I've attached much a truncated versions of the Tables:
MembershipID, Film, Year
MembershipID, Visits in Year, Language_Code
We want to be able to get the distinct count of MembershipID from Transactions_All_Time (because we often want more then just the past year) and filter on things like Language_Code, Film, and a lot more fields I haven't included.
The Member_Past_Year table has a record for every single MembershipID, Transactions_All_Time has multiple entries for MembershipID's.
Any help or suggestions is most appreciated.
One option is like the attached image for Create Primary Group, the setup is the following:
1. From a new worksheet, select All Time as your data source, and place Membership ID as a discrete dimension pill
2. Change to the year Table data source, and place Language Code as a discrete dimension pill
3. right-click the pill for Language Code and select Create Primary Group
4. rename this Ad Hoc Group to "Language Code"
repeat those steps for every other dimension that you want to have available to filter on that only exists in the Year Table.
Once complete, you no longer need the Year Table, as in the attached.
Another option instead of the Ad Hoc group is a CASE statement because Ad Hoc Groups cannot be referenced by other calculated fields. Also you would need to regenerate this Ad Hoc Group and/or CASE statement for each data refresh. With that in mind, this may not be the optimal method for your situation.
The best option in my opinion is to join this data before Tableau.

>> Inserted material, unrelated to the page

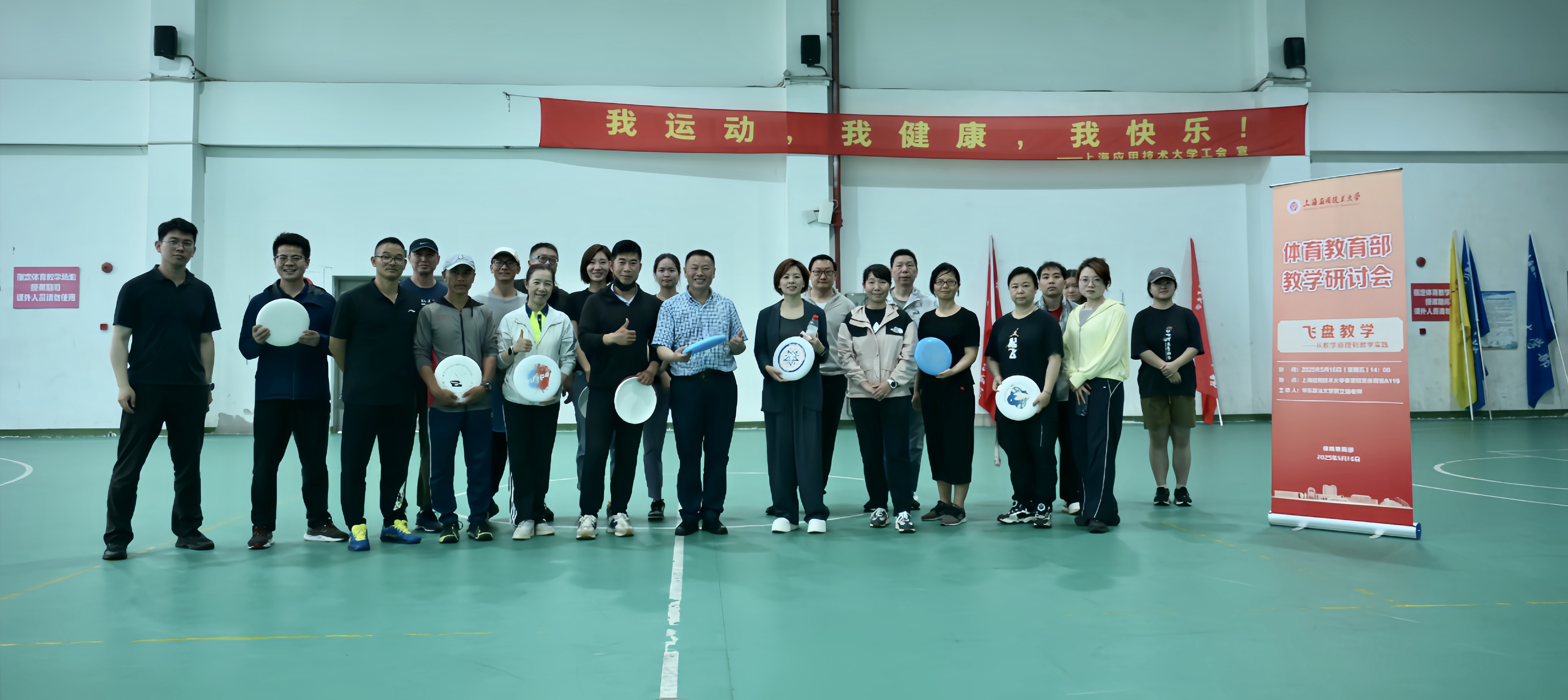 516日,体教部举办了飞盘课程专项业务培训会议,会议邀请华东政法大学飞盘教练贾立强老师授课。体教部主任尹小俭、直属党支部书记韩磊、体教部全体教师和学生代表参与培训交流。培训会由体教部陈军老师主持,介绍我校体育工作开展情况,体育教学改革进展阶段,以及飞盘运动项目的教学优势和开课需求。

When you use a join before Tableau, you are joining your data BEFORE aggregation.
When you use a data blend, you are joining your data AFTER aggregation.
Also a data blend is only a LEFT join.
A data blend cannot filter on dimensions that do not exist in the Primary data source. The "Create Primary Group" operation is bringing the dimension from the secondary into the primary, but it is static, and does not update when your data updates. When you data changes, you need to redo the "Create Primary Group" operation.
Thanks for the workbook and detailed response Joe!
It does look like I'll have to stick with the join, rather then data blending, meaning we can't do incremental extracts. (Our join was a Left join anyway so this wasn't a concern).
We have a good 33 million records and growing in the Transactions (All time) table and a good 3 million members (Year Table). Creating all 7 Primary Groups we want would take a considerable amount of time. The other problem is making a sheet with the 3 million members causes Tableau to display the 'out of memory' error.
I did try the method you presented with a truncated 10,000 transactions table and it does function.
While I think your right and it isn't a solution that is viable for what I am trying to achieve here, I am curious about the CASE statement you mentioned.
The closest I got was a non-functioning (as in it returned the same 'canot aggregate error') statement that looked like the folowing:
CASE ATTR([MembershipID]) WHEN ATTR([YearTable].[MembershipID]) THEN ATTR([YearTable].[Language_Code])
This also only returns a value when you do put the MemberID (linking field) on one of the rows/columns. (This is because of the use of ATTR, which seems to be required).
I mean a case statement that does the same thing as the ad hoc group, removing the need to join/blend. something like:
CASE [MembershipID] WHEN "S1" THEN 1 WHEN "S2" THEN 2 WHEN "S3" THEN 1 WHEN "S4" THEN 1 WHEN "S5" THEN 2 WHEN "S6" THEN 1 WHEN "S7" THEN 2 WHEN "S8" THEN 1 WHEN "S9" THEN 1 WHEN "S10" THEN 1 END
Ah. Thanks for the clarification. Given the situation, definetly not feasible.
I was mistaken in my comment about the CASE statement I supplied just returning 'values' (wich probably wasn't very clear). I had provided Language_Code with an alias and was expecting to see the Alias not the code.
I sure all of this will come in useful in the future.